**WHAT YOU ARE ASKED TO DO**
Look through the entries below and extract exactly the lines from the one containing "Auffälligkeiten: Die reifen" through the one containing "Silver Bullet throttle body spacers create", ends included.

**GIVEN RECORDS**
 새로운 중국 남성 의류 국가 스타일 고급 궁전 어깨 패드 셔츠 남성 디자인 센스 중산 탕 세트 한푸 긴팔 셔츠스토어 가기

...

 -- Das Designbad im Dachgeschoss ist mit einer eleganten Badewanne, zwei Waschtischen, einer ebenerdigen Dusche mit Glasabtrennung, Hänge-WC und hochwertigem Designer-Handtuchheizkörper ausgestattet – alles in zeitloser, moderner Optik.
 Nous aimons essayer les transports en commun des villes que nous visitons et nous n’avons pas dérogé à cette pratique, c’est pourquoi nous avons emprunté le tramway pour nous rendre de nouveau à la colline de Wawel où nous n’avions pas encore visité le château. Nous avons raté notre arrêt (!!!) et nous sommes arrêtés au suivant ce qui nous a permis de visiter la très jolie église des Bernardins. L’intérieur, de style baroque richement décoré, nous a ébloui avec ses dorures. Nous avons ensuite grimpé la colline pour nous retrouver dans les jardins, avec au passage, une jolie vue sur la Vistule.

---

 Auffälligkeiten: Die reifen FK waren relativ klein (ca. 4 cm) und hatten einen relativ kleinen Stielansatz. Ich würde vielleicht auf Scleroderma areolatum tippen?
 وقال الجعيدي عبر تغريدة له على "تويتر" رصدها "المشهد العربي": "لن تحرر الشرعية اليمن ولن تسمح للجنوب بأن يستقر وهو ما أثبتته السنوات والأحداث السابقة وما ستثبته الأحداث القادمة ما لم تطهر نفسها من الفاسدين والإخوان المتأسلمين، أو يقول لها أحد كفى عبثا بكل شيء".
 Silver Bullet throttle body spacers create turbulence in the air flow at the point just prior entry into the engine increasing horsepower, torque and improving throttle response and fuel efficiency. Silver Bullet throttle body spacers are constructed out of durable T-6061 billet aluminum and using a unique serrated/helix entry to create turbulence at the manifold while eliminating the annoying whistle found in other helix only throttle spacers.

**RESULT OF THE EXERCISE**
 Auffälligkeiten: Die reifen FK waren relativ klein (ca. 4 cm) und hatten einen relativ kleinen Stielansatz. Ich würde vielleicht auf Scleroderma areolatum tippen?
 وقال الجعيدي عبر تغريدة له على "تويتر" رصدها "المشهد العربي": "لن تحرر الشرعية اليمن ولن تسمح للجنوب بأن يستقر وهو ما أثبتته السنوات والأحداث السابقة وما ستثبته الأحداث القادمة ما لم تطهر نفسها من الفاسدين والإخوان المتأسلمين، أو يقول لها أحد كفى عبثا بكل شيء".
 Silver Bullet throttle body spacers create turbulence in the air flow at the point just prior entry into the engine increasing horsepower, torque and improving throttle response and fuel efficiency. Silver Bullet throttle body spacers are constructed out of durable T-6061 billet aluminum and using a unique serrated/helix entry to create turbulence at the manifold while eliminating the annoying whistle found in other helix only throttle spacers.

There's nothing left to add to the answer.